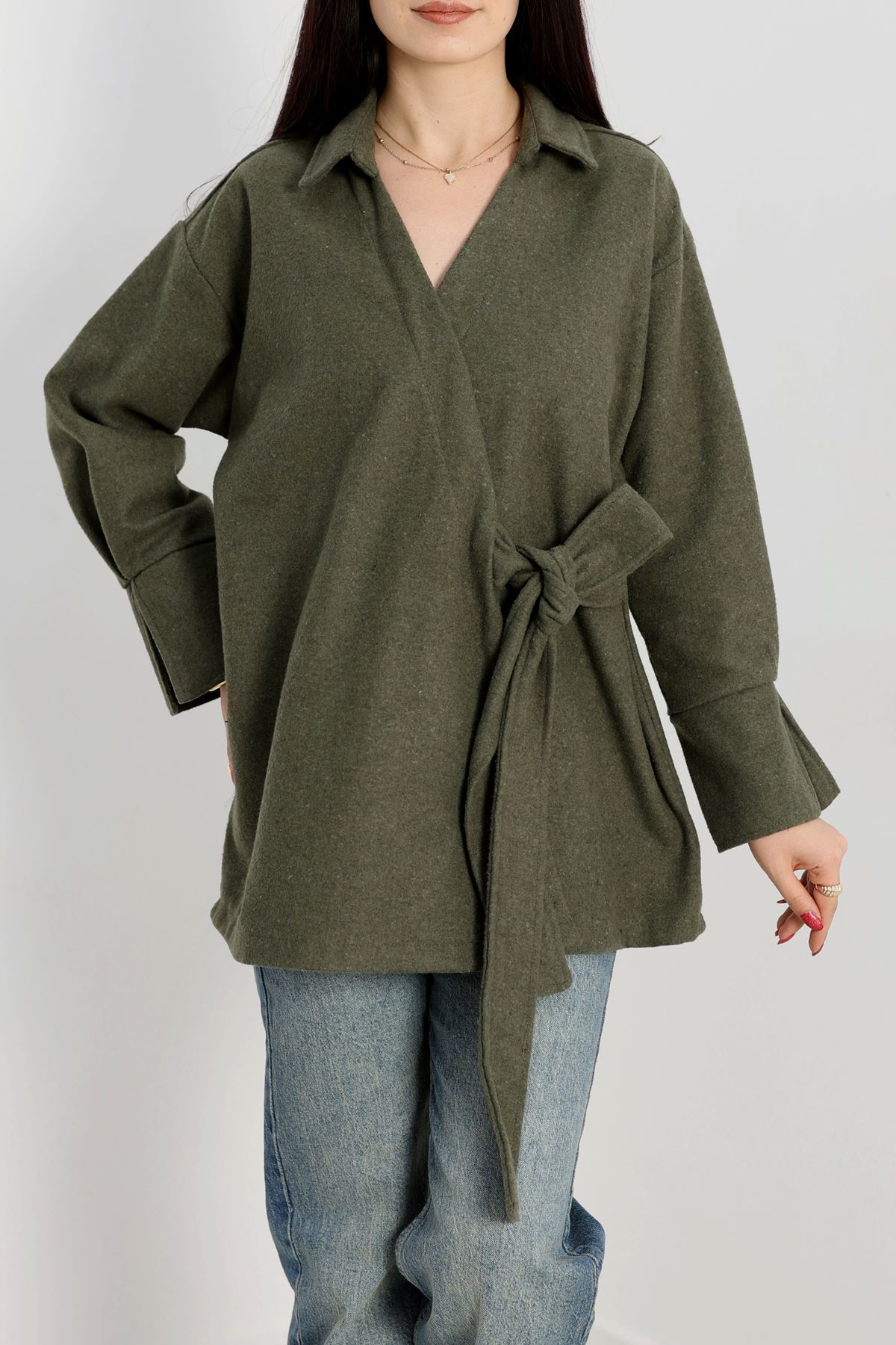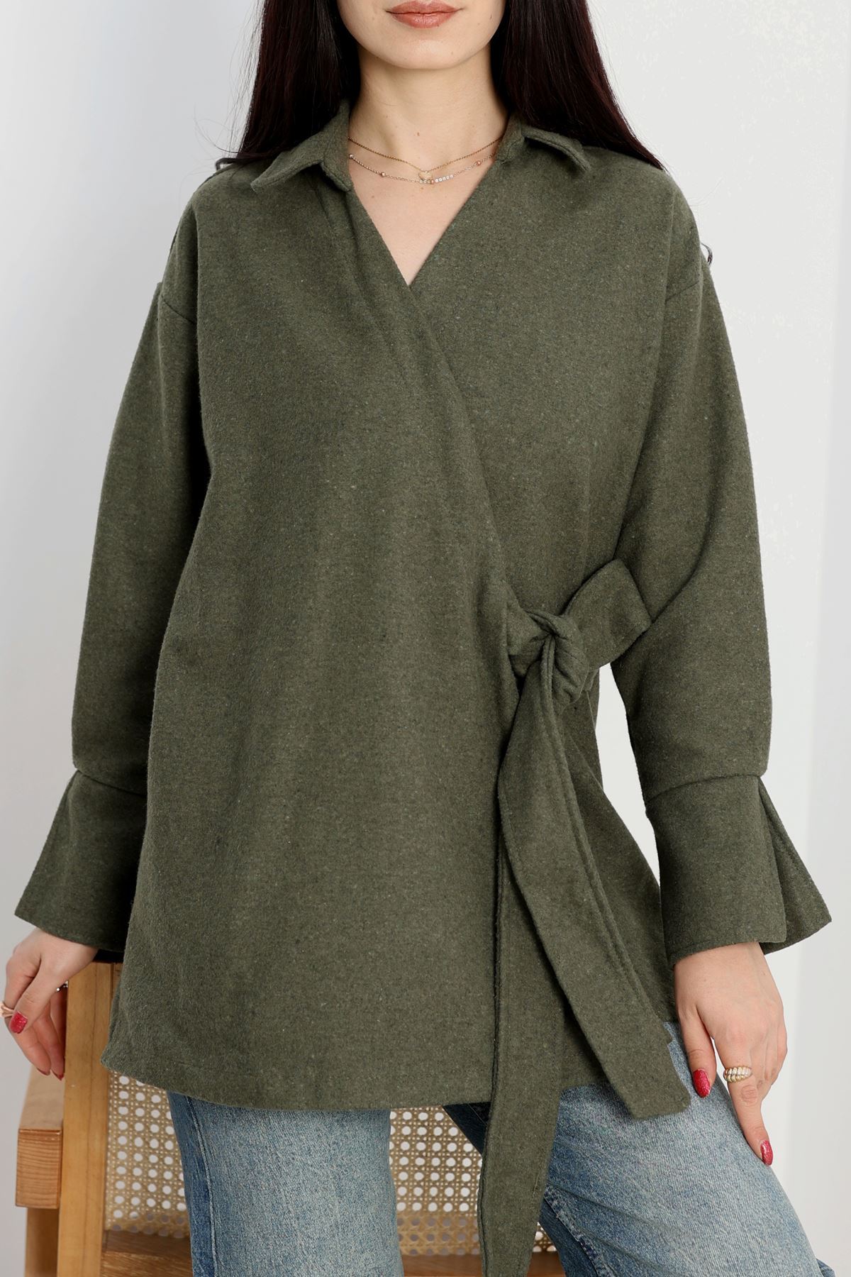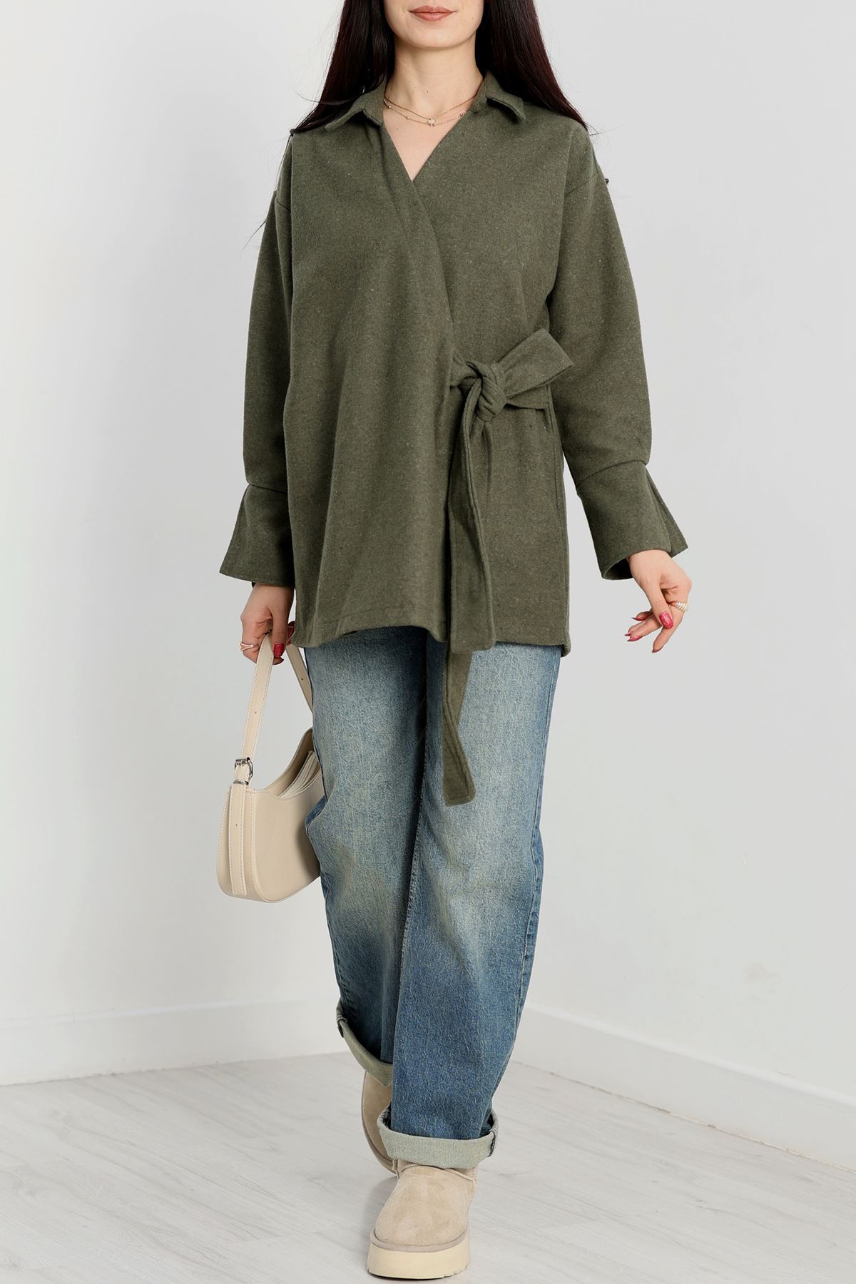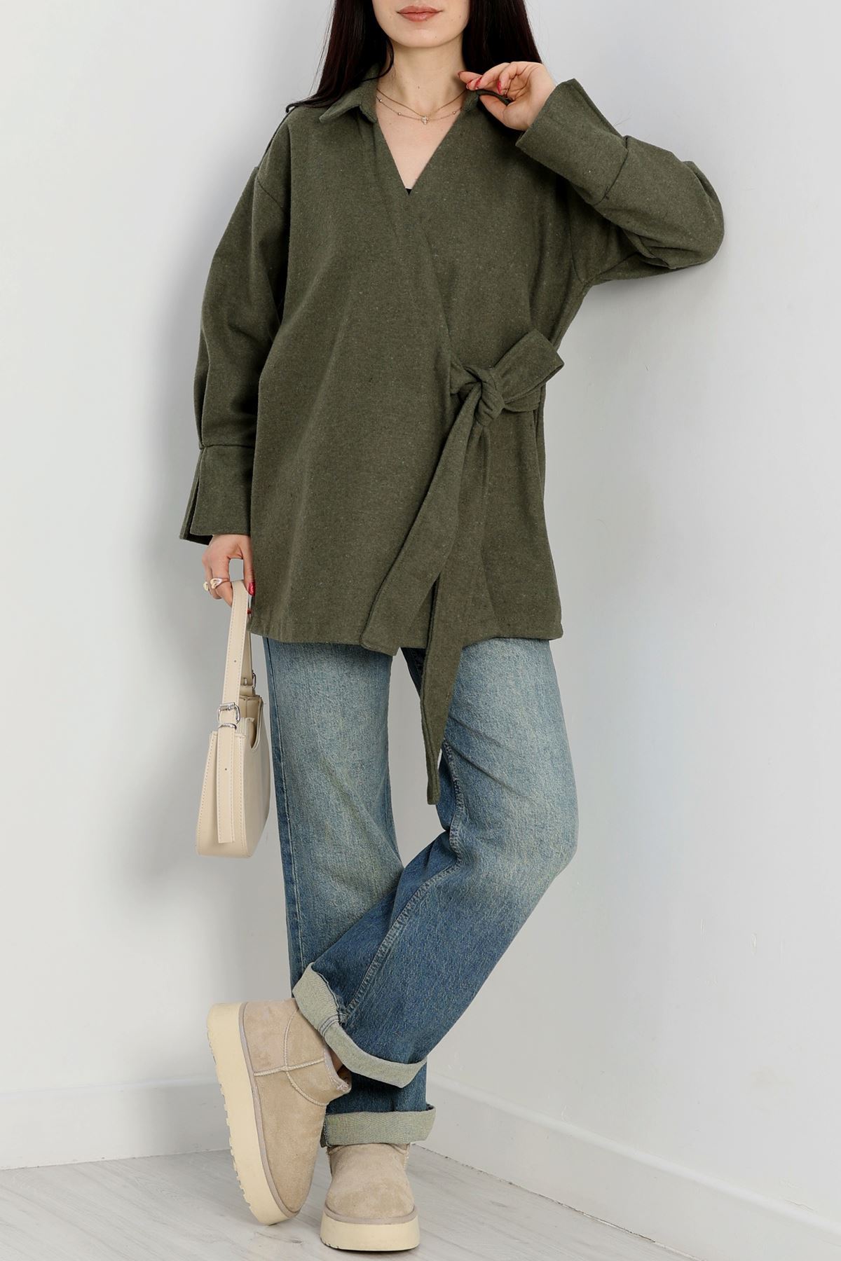 Bağlamalı Kruvaze Yaka Kaşe Gömlek Haki - 70993.1775.
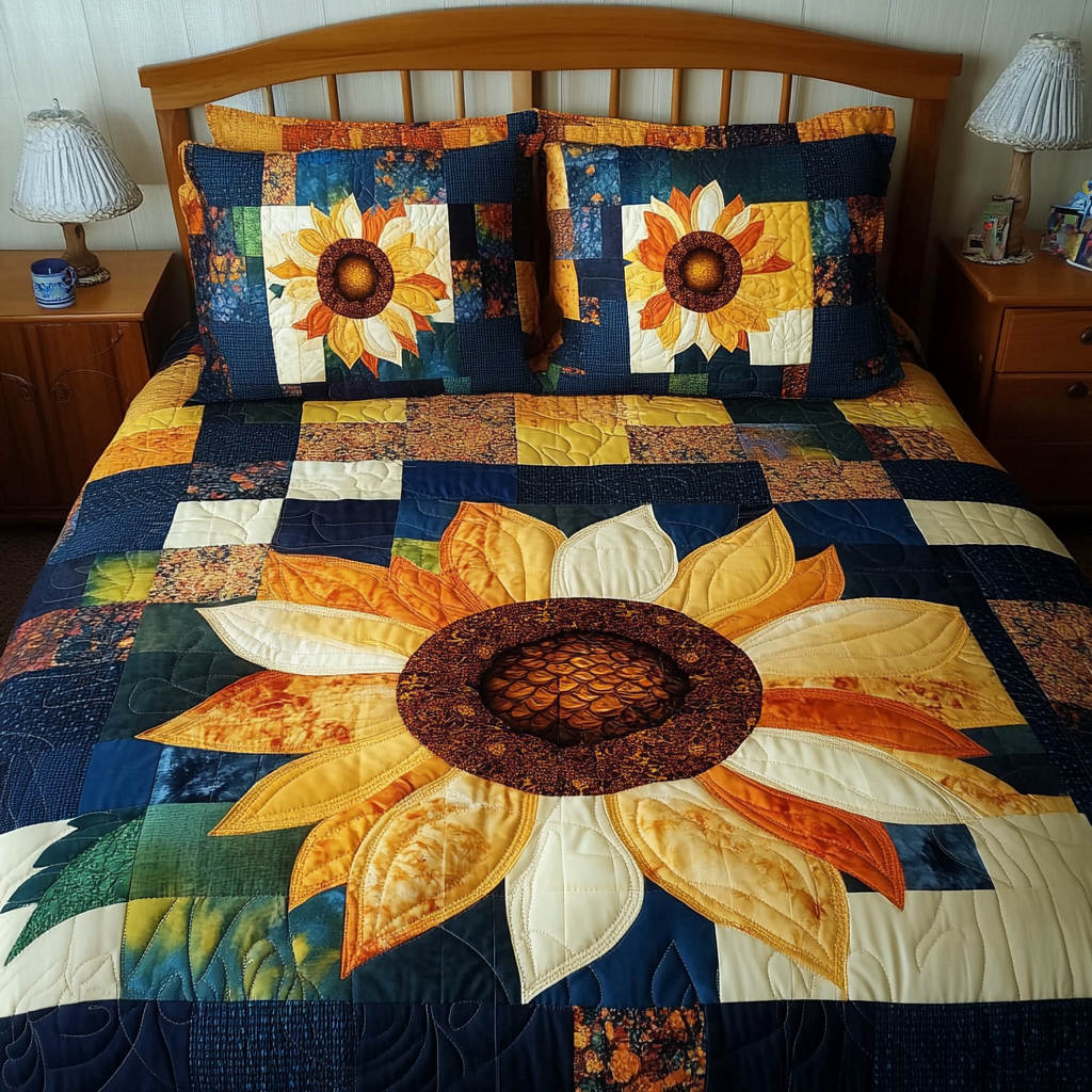 Blooming Sunflower 3-Piece Quilted Bedding Set NCU0TL1729
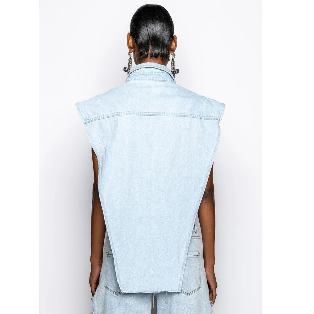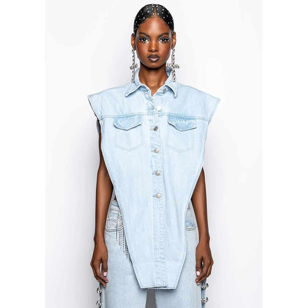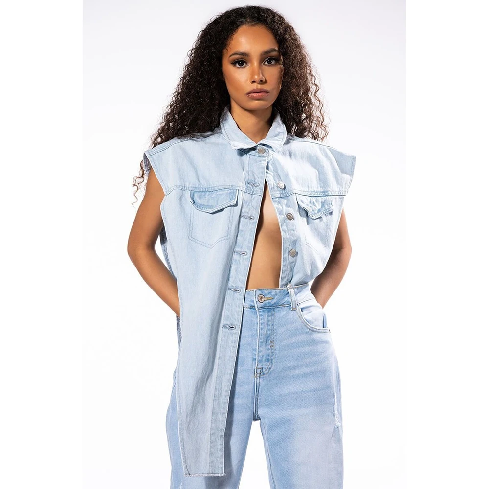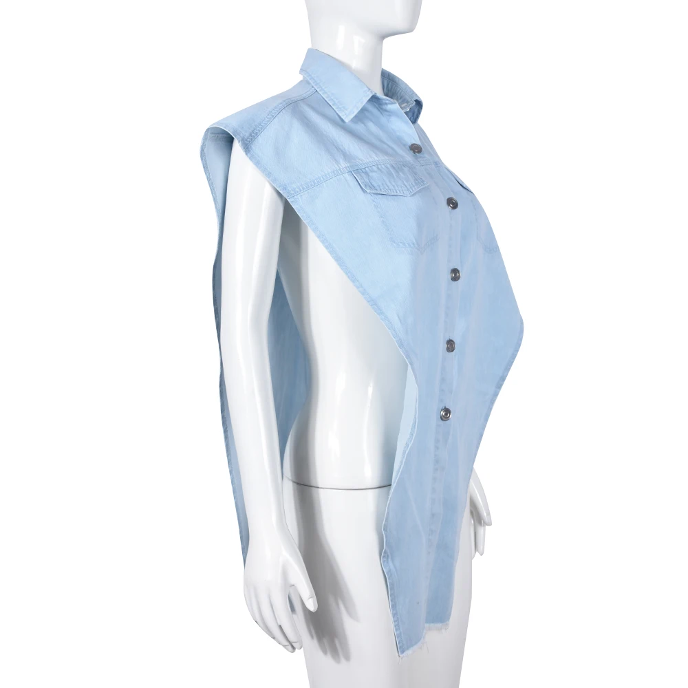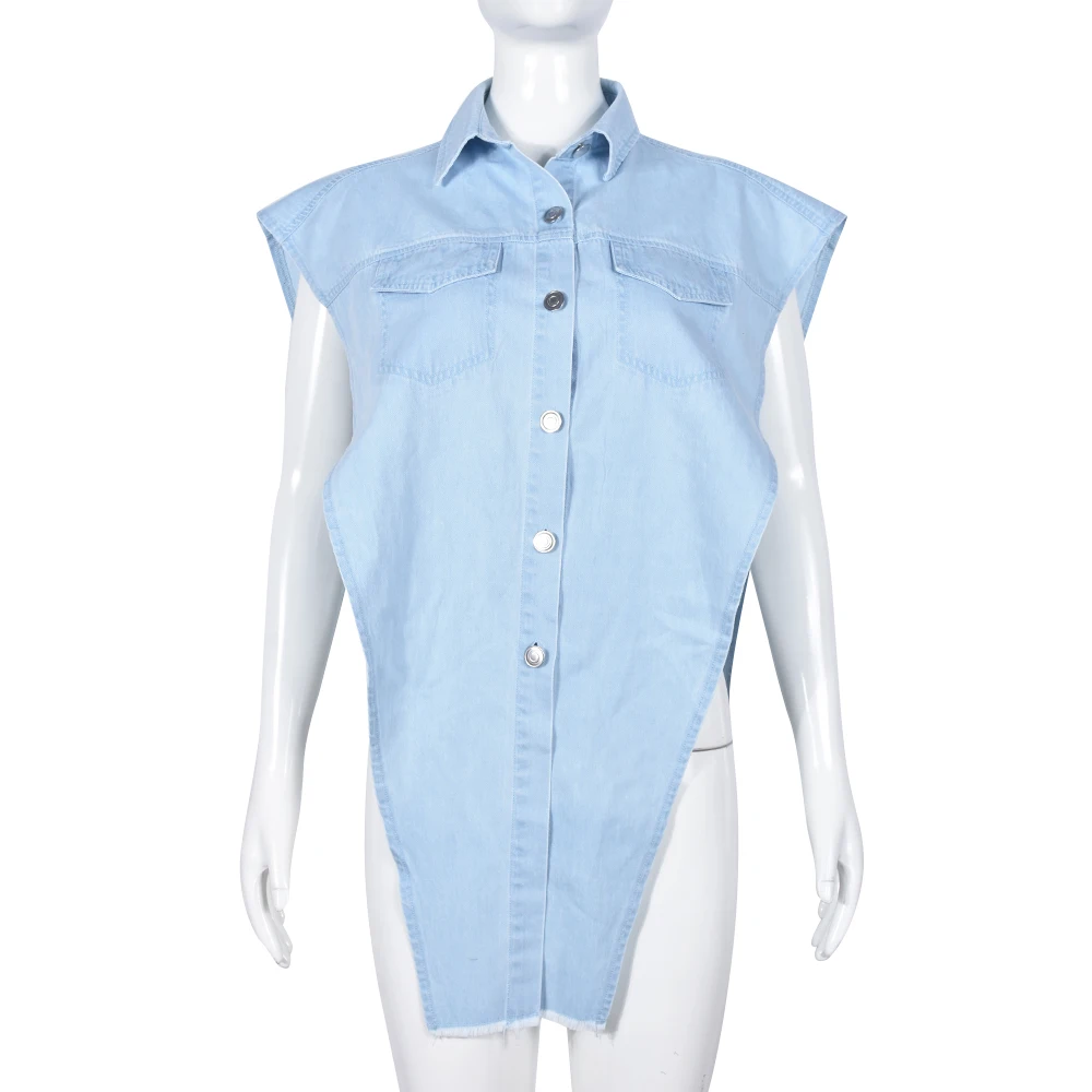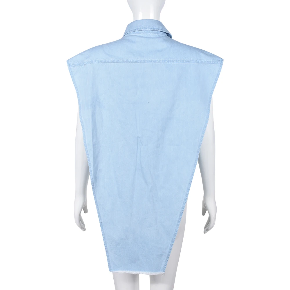 and Irregular with Out Denim Vest Hollow Shoulder Length Detail Hem
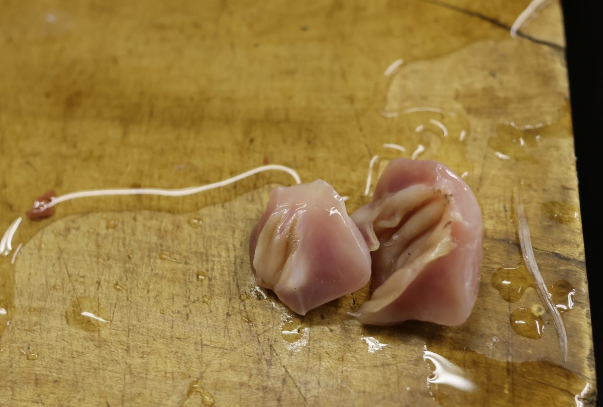ボラの胃の幽門部「ボラのへそ」。包丁で真っ二つに切れている。(愛知県海部郡蟹江町「湯元館」にて)
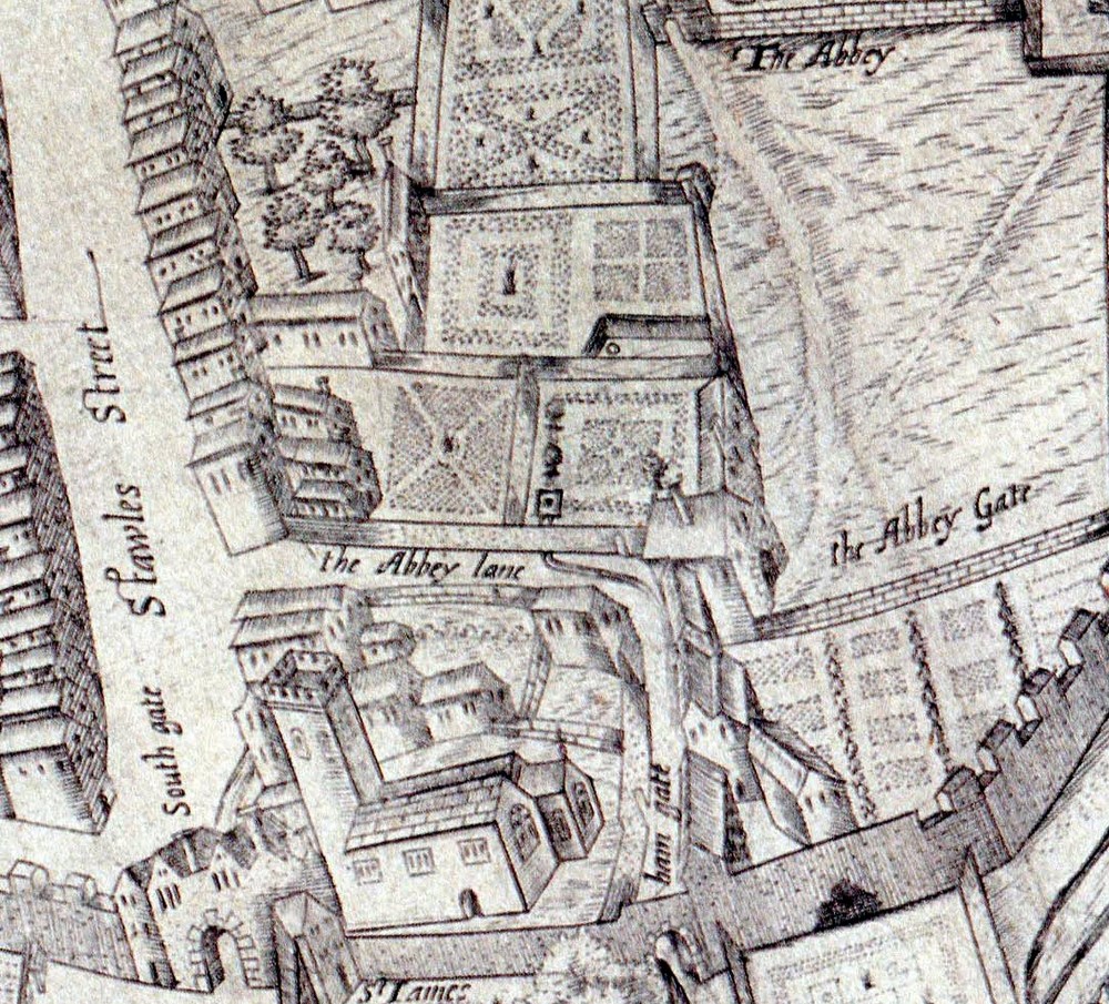 buildings. The Abbeygate demolished in 1733 is shown as the main entrance to the precincts, only an iron hinge on a wall by Blacks shop remains of it, although a fragment of the ancient Abbey Wall can still be seen in little Orchard Street, behind Marks & Spencers. |
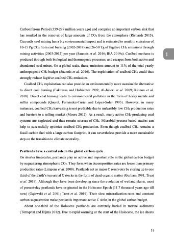 Carboniferous Period (359-299 million years ago) and comprise an important carbon sink that has resulted in the removal of large amounts of CO2 from the atmosphere (Richards 2013). Currently coal mining has a big environmental impact and is estimated to result in emissions of 10-15 Pg CO2 from coal burning (2002-2018) and 26-50 Tg of fugitive CH4 emissions through mining activities (2003-2012) per year (Saunois et al. 2016; IEA 2019a). Coalbed methane is produced through both biological and thermogenic processes, and escapes from both active and abandoned coal mines. On a global scale, these emissions amount to 11% of the total yearly anthropogenic CH4 budget (Saunois et al. 2016). The exploitation of coalbed CH4 could thus strongly reduce fugitive coalbed CH4 emissions.

- Requirement -
Please return the records as they stand, word for word, with no pictures.

- Expected output -
 Bağlamalı Kruvaze Yaka Kaşe Gömlek Haki - 70993.1775.
 Blooming Sunflower 3-Piece Quilted Bedding Set NCU0TL1729
 and Irregular with Out Denim Vest Hollow Shoulder Length Detail Hem
ボラの胃の幽門部「ボラのへそ」。包丁で真っ二つに切れている。(愛知県海部郡蟹江町「湯元館」にて)
 buildings. The Abbeygate demolished in 1733 is shown as the main entrance to the precincts, only an iron hinge on a wall by Blacks shop remains of it, although a fragment of the ancient Abbey Wall can still be seen in little Orchard Street, behind Marks & Spencers. |
 Carboniferous Period (359-299 million years ago) and comprise an important carbon sink that has resulted in the removal of large amounts of CO2 from the atmosphere (Richards 2013). Currently coal mining has a big environmental impact and is estimated to result in emissions of 10-15 Pg CO2 from coal burning (2002-2018) and 26-50 Tg of fugitive CH4 emissions through mining activities (2003-2012) per year (Saunois et al. 2016; IEA 2019a). Coalbed methane is produced through both biological and thermogenic processes, and escapes from both active and abandoned coal mines. On a global scale, these emissions amount to 11% of the total yearly anthropogenic CH4 budget (Saunois et al. 2016). The exploitation of coalbed CH4 could thus strongly reduce fugitive coalbed CH4 emissions.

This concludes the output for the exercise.